[Data items]
========

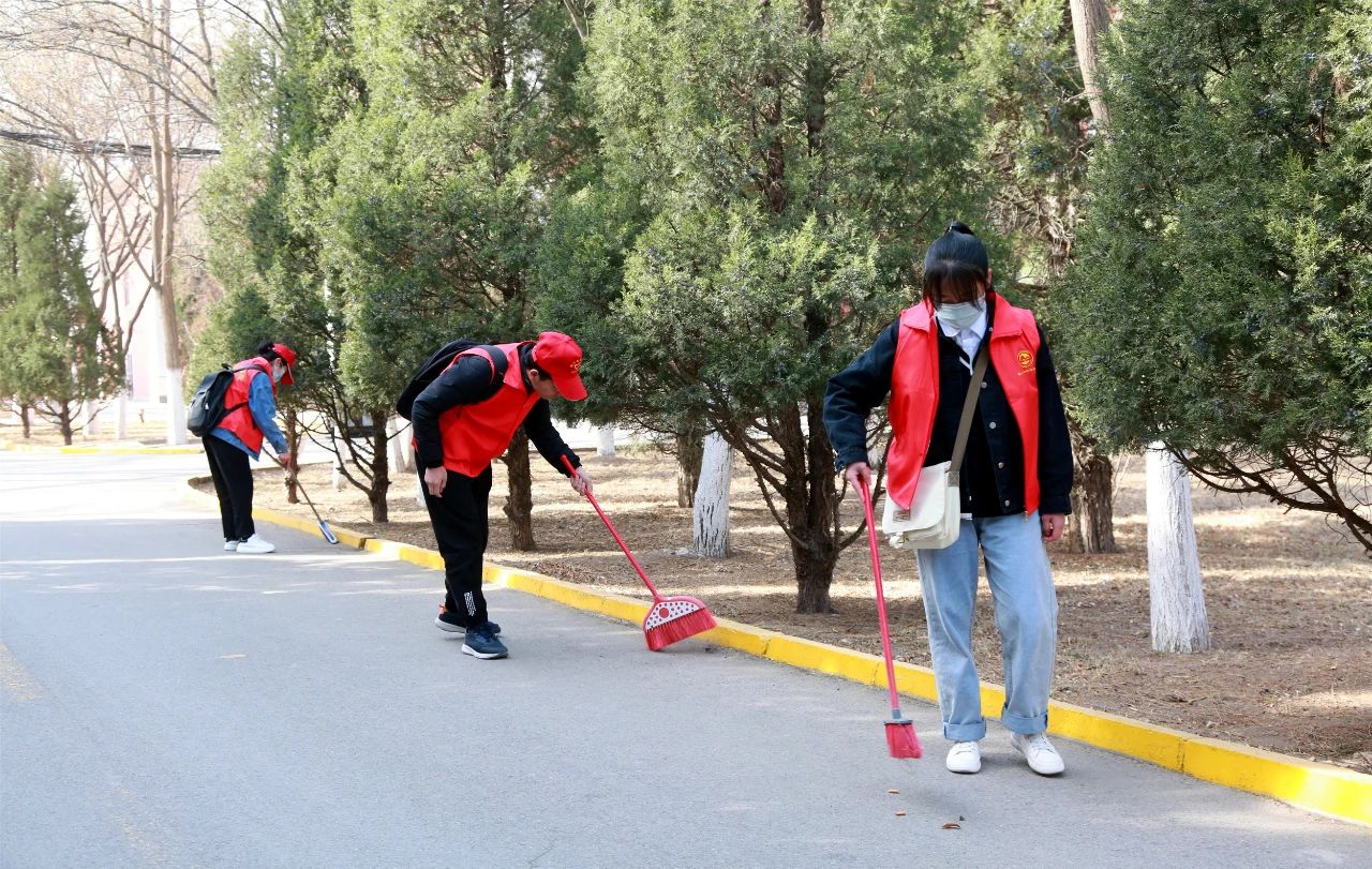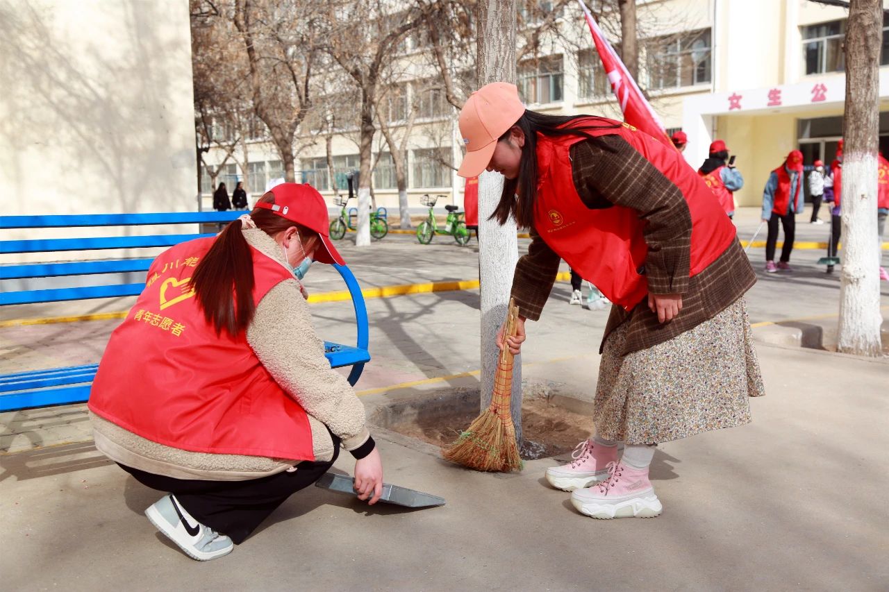 师生志愿者代表在校园里分区域展开了"学雷锋"劳动教育志愿服务活动,大家卷起袖口,拎起水桶,拿起扫帚、小铲刀,清除"牛皮癣"、残枝腐叶等校园垃圾,志愿者挥洒着青春的汗水,展露着最美的笑容,筑成了校园一道最靓丽的风景线。整个活动井然有序,使整个校园环境"焕然一新"。
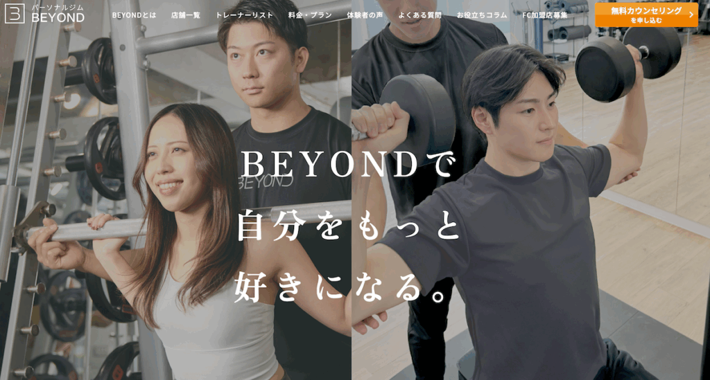 BEYONDは、採用倍率70倍を突破した、実績のあるトレーナーのみを採用し、全国163店舗を展開する大手パーソナルジムです。累計3万人以上のボディメイクを成功させ、「質の高い指導×継続できる環境」で幅広い層から支持を得ています。
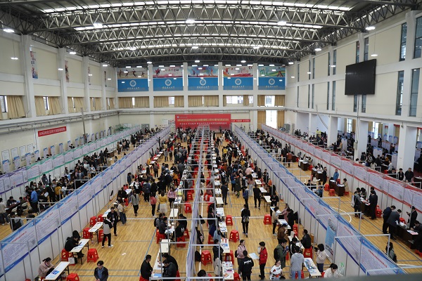 本次就业洽谈会规模和参会单位数量创历史新高,招聘模式采取线上线下相结合,提高了学生在大型招聘会上的签约效率。线上,依托我校的就业信息网络平台,用人单位网上报名,就业创业指导中心审核通过后,所有招聘信息同步发布到就业信息网、校企对接QQ群和微信公众平台,使学生有针对性地与企业进行面试和交流,大大提升了招聘效率,避免了学生求职的盲目性;参会行业涉及建筑、机械、制造、汽车、材料、电力电子、煤炭、民爆化工、金融、IT、医疗卫生、测绘、环保、生物制药、教育科研等多个领域,所需求的专业涵盖我校全部本科和研究生专业;其中参会企业世界500强25家,中国500强43家,中国民营企业500强73家,提供岗位15000余个。洽谈会现场气氛热烈,秩序井然。参会的用人单位数量较去年增长了82%,据统计,200多名毕业生现场签订了就业协议,1600多名毕业生与用人单位达成了就业意向。线下,为了扩大此次招聘会的知晓度,就业创业指导中心规范了招聘会现场的展位,统一制作用人单位的宣传喷绘,设计了衔架、海报、横幅、展位分布图、电子屏等,充分利用一切宣传手段营造良好的校园就业招聘氛围,会场还吸引了近千名在校大三学生积极参与,他们通过观摩与交流,感受招聘现场热烈的气氛,掌握相关的就业信息,促进了生涯意识的建立,为今后的就业打下坚实基础。
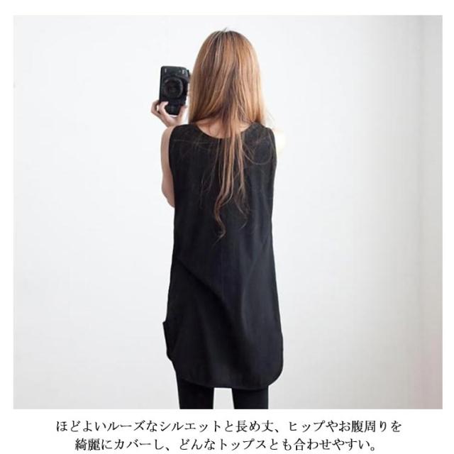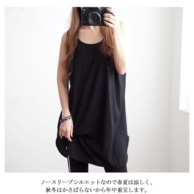 レイヤード タンクトップ レディース ノースリーブ チュニック インナー おしゃれ カジュアル 夏 重ね着 袖なし ラウンド チュニックインナー 丸裾 カットソー Tシャツ 無地 シンプル ブラック ホワイト ギフト プレゼント 送料無料
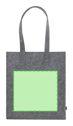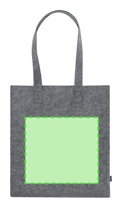 Bolsa fabricada en fieltro RPET reciclado. Con asas reforzadas largas. Resistencia hasta 6kg. Incluye distintivo RPET en etiqueta exterior.El material RPET se elabora a partir de plástico reciclado, para así fomentar la reutilización de residuos plásticos y ayudar a la sostenibilidad del planeta.
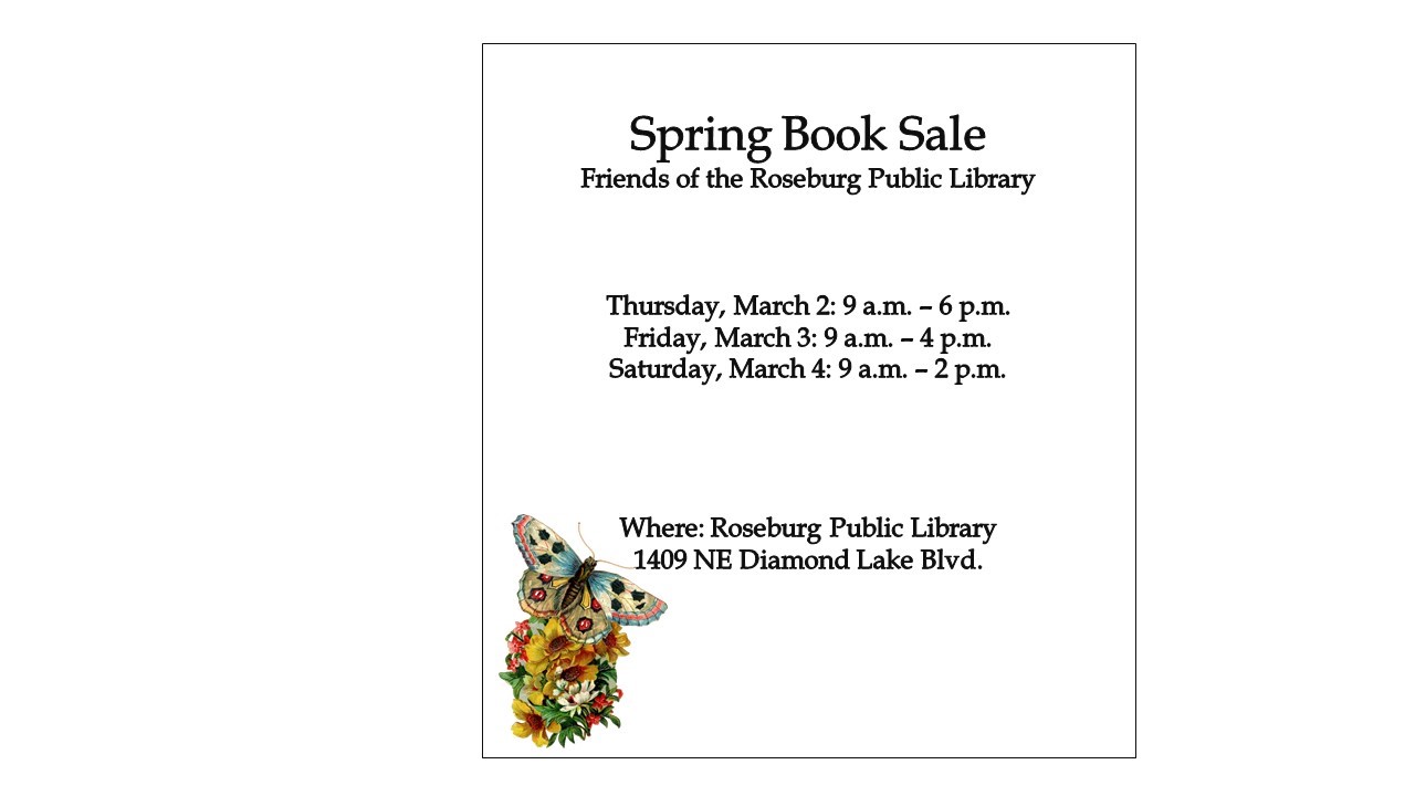 ROSEBURG, Ore. – Love books? Then prepare to fall in love with another great find at the Friends of the Roseburg Public Library’s Spring Book Sale.
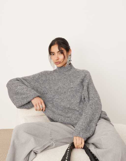 Jersey gris jaspeado extragrande con cuello alto de punto de ASOS EDITION
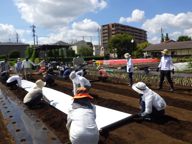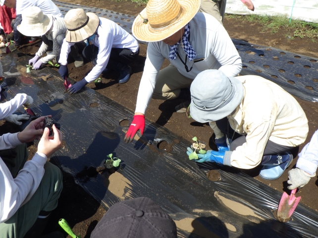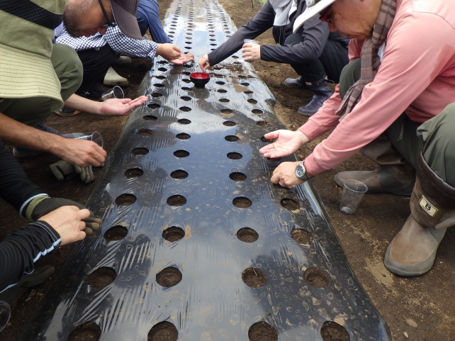 草の防止や保温、保湿のために便利なマルチというビニールのシートが畑には欠かせませんが、その色や素材などによって期待できる効果が少しずつ違うことなども学びながら、この畝はこのマルチ、次は別のマルチと、色々なマルチを張る体験もできたと思います。
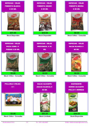 Distribuidora P.R.O. 127 Tel.: 0351-458-8927 E-Mail: distribuidorapro@hotmail.com
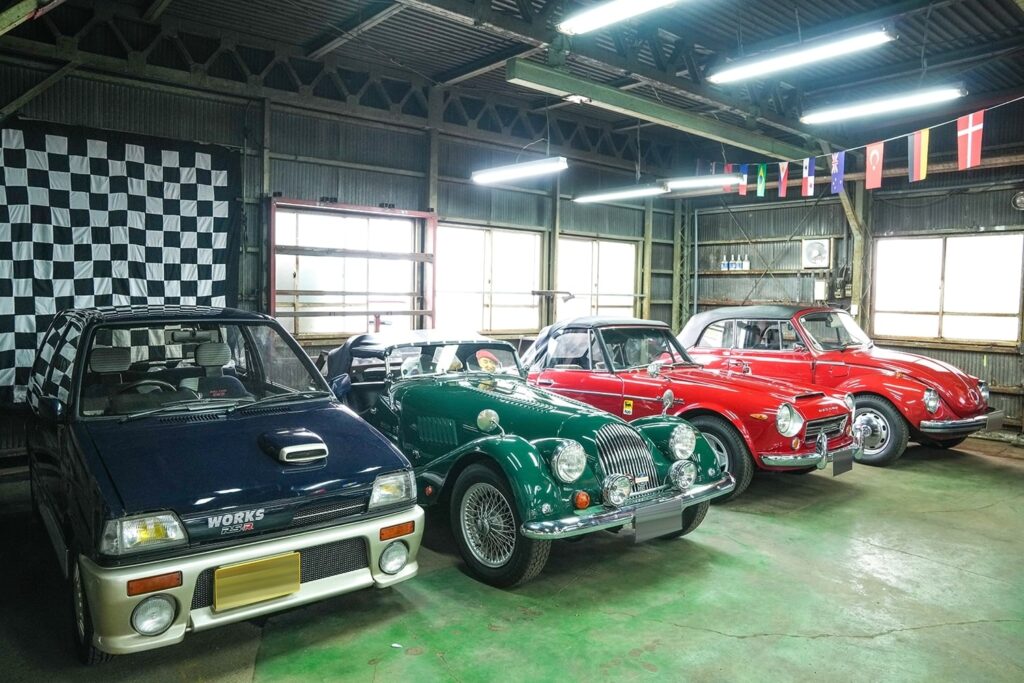 “大人の秘密基地”として横須賀に構える「BACK DROP GARAGE」にはテリーさんが愛するクルマが並ぶ。奥からVWビートルカブリオレ、フェアレディSRL311、モーガン、スズキ・アルトワークス。
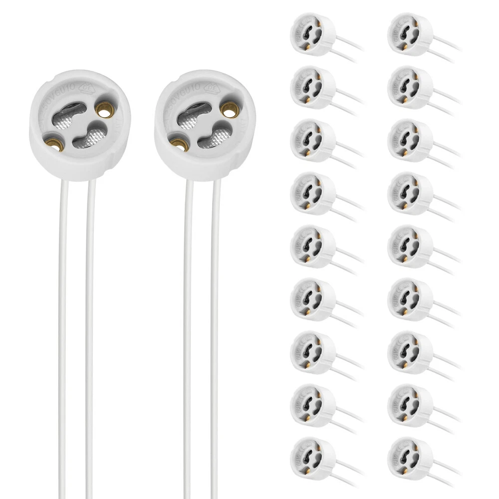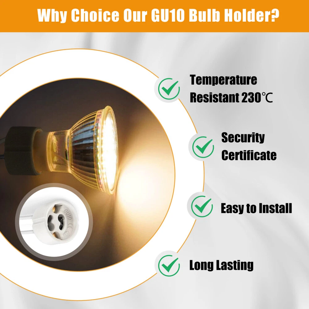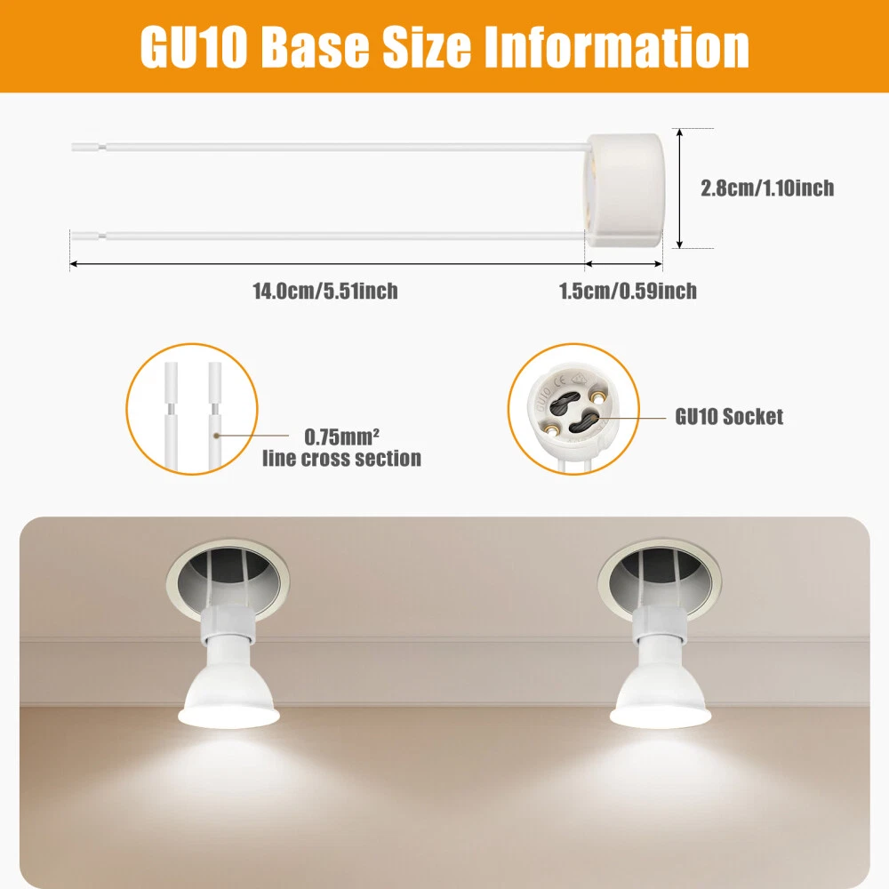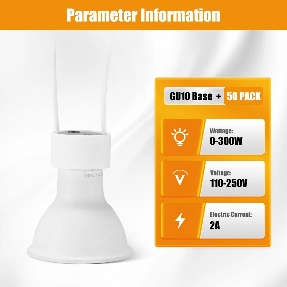About this item : FOR ALL GU10 BASE BULBS: GU10 base socket is compatible with all types of bulbs as long as it is GU10 base. Parameters: Max wattage 300W, voltage range 110~250V, up to 230℃ heat resistance. Material: Ceramic base and silicone wire (CSA 0.75mm², length 5.9inch/150mm.) Easy to install: One-step installation. Insert the light bulbs into the holes in the center of the sockets, then turn and lock. The light bulbs are held firmly. Product parameters: Material: Ceramic + Silicone Wire Wiring length: 15cm Color: white Maximum wattage:0-300W Voltage range: 110~250V Socket Type: Pen Type Mounting Type: Wall Mount Package included: 10/20/50x GU10 lamp holders
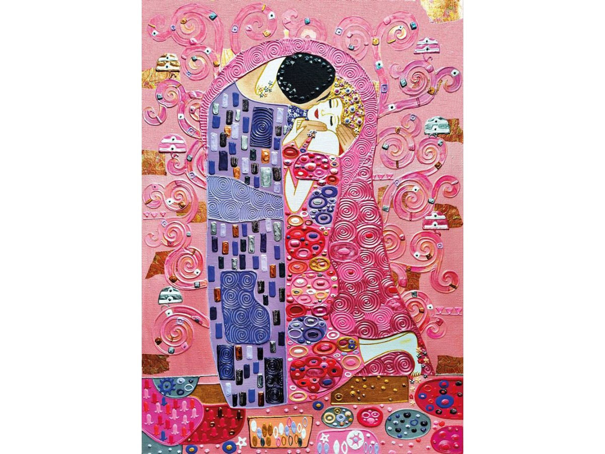 Opera de artă reprezentată este 'The Kiss' de Gustav Klimt, o pictură în stil art nouveau. Aceasta ilustrează un cuplu îmbrățișat, îmbujorat într-o aură de dragoste. Personajele sunt invaluite într-un căoraf decorat cu modele geometrice complexe şi simbolice, predominante albastru şi argintiu. Fundalul este compus din formele abstracte aurii şi roz, creând un contrast vibrant şi captivant cu pelicula centrală a doi iubiți. Textura este bogată, cu aplicarea luxuriantă a foilor de aur, specifică stilului lui Klimt.
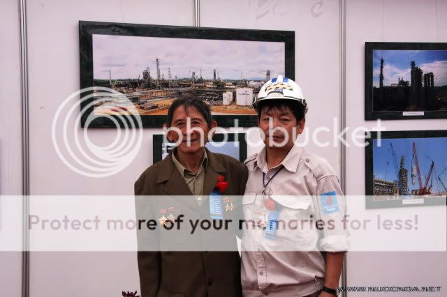 Nhân tiện hôm thứ 7 có Phó TT Hoàng Trung Hải đến thăm bọn em, em có cái ảnh post lên đây gọi là cập nhập thông tin. ![]() Anh Hải béo có thói quen chắp tay trước bụng. Em rình mãi mới chộp được cái ảnh anh Hải đưa tay chỉ đạo. Thực ra post ảnh của mình lên đây mà khoe thì e không hay lắm, nhưng em nghĩ các bác tất cả đều rộng lượng tha thứ cho em. Là vì trong đợt Tổng kết phong trào thi đua liên kết XD NMLD Dung Quất Lãnh đạo em có bảo em làm một cái triển lãm ảnh về công tình xây dựng NMLD. Thế là em làm. Hì hì. Làm ra cũng thấy hoành tráng phết. Thôi thì nhân tiện em up vài cái ảnh. Các bác đừng mắng em khoe khoang. Просто em chỉ muốn mọi người cùng chia vui vì lần đầu tiên trong đời em triển lãm ảnh (của một tên chộp ảnh nghiệp dư). He he cảm ơn các bác! ![]() Toàn cảnh phòng trưng bày: ![]() ![]() Anh Hải béo cũng ghé qua xem, em phổng mũi lắm: ![]() Tác giả: ![]() Các bác có nhận ra em chụp hình với ai không: ![]() CHÚC CÁC BÁC MỘT TUẦN LÀM VIỆC VUI VẺ:

========

## TASK REQUIREMENTS
Each entry should be copied exactly as written, though any pictures stay out.

## RESPONSE AREA
 师生志愿者代表在校园里分区域展开了"学雷锋"劳动教育志愿服务活动,大家卷起袖口,拎起水桶,拿起扫帚、小铲刀,清除"牛皮癣"、残枝腐叶等校园垃圾,志愿者挥洒着青春的汗水,展露着最美的笑容,筑成了校园一道最靓丽的风景线。整个活动井然有序,使整个校园环境"焕然一新"。
 BEYONDは、採用倍率70倍を突破した、実績のあるトレーナーのみを採用し、全国163店舗を展開する大手パーソナルジムです。累計3万人以上のボディメイクを成功させ、「質の高い指導×継続できる環境」で幅広い層から支持を得ています。
 本次就业洽谈会规模和参会单位数量创历史新高,招聘模式采取线上线下相结合,提高了学生在大型招聘会上的签约效率。线上,依托我校的就业信息网络平台,用人单位网上报名,就业创业指导中心审核通过后,所有招聘信息同步发布到就业信息网、校企对接QQ群和微信公众平台,使学生有针对性地与企业进行面试和交流,大大提升了招聘效率,避免了学生求职的盲目性;参会行业涉及建筑、机械、制造、汽车、材料、电力电子、煤炭、民爆化工、金融、IT、医疗卫生、测绘、环保、生物制药、教育科研等多个领域,所需求的专业涵盖我校全部本科和研究生专业;其中参会企业世界500强25家,中国500强43家,中国民营企业500强73家,提供岗位15000余个。洽谈会现场气氛热烈,秩序井然。参会的用人单位数量较去年增长了82%,据统计,200多名毕业生现场签订了就业协议,1600多名毕业生与用人单位达成了就业意向。线下,为了扩大此次招聘会的知晓度,就业创业指导中心规范了招聘会现场的展位,统一制作用人单位的宣传喷绘,设计了衔架、海报、横幅、展位分布图、电子屏等,充分利用一切宣传手段营造良好的校园就业招聘氛围,会场还吸引了近千名在校大三学生积极参与,他们通过观摩与交流,感受招聘现场热烈的气氛,掌握相关的就业信息,促进了生涯意识的建立,为今后的就业打下坚实基础。
 レイヤード タンクトップ レディース ノースリーブ チュニック インナー おしゃれ カジュアル 夏 重ね着 袖なし ラウンド チュニックインナー 丸裾 カットソー Tシャツ 無地 シンプル ブラック ホワイト ギフト プレゼント 送料無料
 Bolsa fabricada en fieltro RPET reciclado. Con asas reforzadas largas. Resistencia hasta 6kg. Incluye distintivo RPET en etiqueta exterior.El material RPET se elabora a partir de plástico reciclado, para así fomentar la reutilización de residuos plásticos y ayudar a la sostenibilidad del planeta.
 ROSEBURG, Ore. – Love books? Then prepare to fall in love with another great find at the Friends of the Roseburg Public Library’s Spring Book Sale.
 Jersey gris jaspeado extragrande con cuello alto de punto de ASOS EDITION
 草の防止や保温、保湿のために便利なマルチというビニールのシートが畑には欠かせませんが、その色や素材などによって期待できる効果が少しずつ違うことなども学びながら、この畝はこのマルチ、次は別のマルチと、色々なマルチを張る体験もできたと思います。
 Distribuidora P.R.O. 127 Tel.: 0351-458-8927 E-Mail: distribuidorapro@hotmail.com
 “大人の秘密基地”として横須賀に構える「BACK DROP GARAGE」にはテリーさんが愛するクルマが並ぶ。奥からVWビートルカブリオレ、フェアレディSRL311、モーガン、スズキ・アルトワークス。
About this item : FOR ALL GU10 BASE BULBS: GU10 base socket is compatible with all types of bulbs as long as it is GU10 base. Parameters: Max wattage 300W, voltage range 110~250V, up to 230℃ heat resistance. Material: Ceramic base and silicone wire (CSA 0.75mm², length 5.9inch/150mm.) Easy to install: One-step installation. Insert the light bulbs into the holes in the center of the sockets, then turn and lock. The light bulbs are held firmly. Product parameters: Material: Ceramic + Silicone Wire Wiring length: 15cm Color: white Maximum wattage:0-300W Voltage range: 110~250V Socket Type: Pen Type Mounting Type: Wall Mount Package included: 10/20/50x GU10 lamp holders
 Opera de artă reprezentată este 'The Kiss' de Gustav Klimt, o pictură în stil art nouveau. Aceasta ilustrează un cuplu îmbrățișat, îmbujorat într-o aură de dragoste. Personajele sunt invaluite într-un căoraf decorat cu modele geometrice complexe şi simbolice, predominante albastru şi argintiu. Fundalul este compus din formele abstracte aurii şi roz, creând un contrast vibrant şi captivant cu pelicula centrală a doi iubiți. Textura este bogată, cu aplicarea luxuriantă a foilor de aur, specifică stilului lui Klimt.
 Nhân tiện hôm thứ 7 có Phó TT Hoàng Trung Hải đến thăm bọn em, em có cái ảnh post lên đây gọi là cập nhập thông tin. ![]() Anh Hải béo có thói quen chắp tay trước bụng. Em rình mãi mới chộp được cái ảnh anh Hải đưa tay chỉ đạo. Thực ra post ảnh của mình lên đây mà khoe thì e không hay lắm, nhưng em nghĩ các bác tất cả đều rộng lượng tha thứ cho em. Là vì trong đợt Tổng kết phong trào thi đua liên kết XD NMLD Dung Quất Lãnh đạo em có bảo em làm một cái triển lãm ảnh về công tình xây dựng NMLD. Thế là em làm. Hì hì. Làm ra cũng thấy hoành tráng phết. Thôi thì nhân tiện em up vài cái ảnh. Các bác đừng mắng em khoe khoang. Просто em chỉ muốn mọi người cùng chia vui vì lần đầu tiên trong đời em triển lãm ảnh (của một tên chộp ảnh nghiệp dư). He he cảm ơn các bác! ![]() Toàn cảnh phòng trưng bày: ![]() ![]() Anh Hải béo cũng ghé qua xem, em phổng mũi lắm: ![]() Tác giả: ![]() Các bác có nhận ra em chụp hình với ai không: ![]() CHÚC CÁC BÁC MỘT TUẦN LÀM VIỆC VUI VẺ:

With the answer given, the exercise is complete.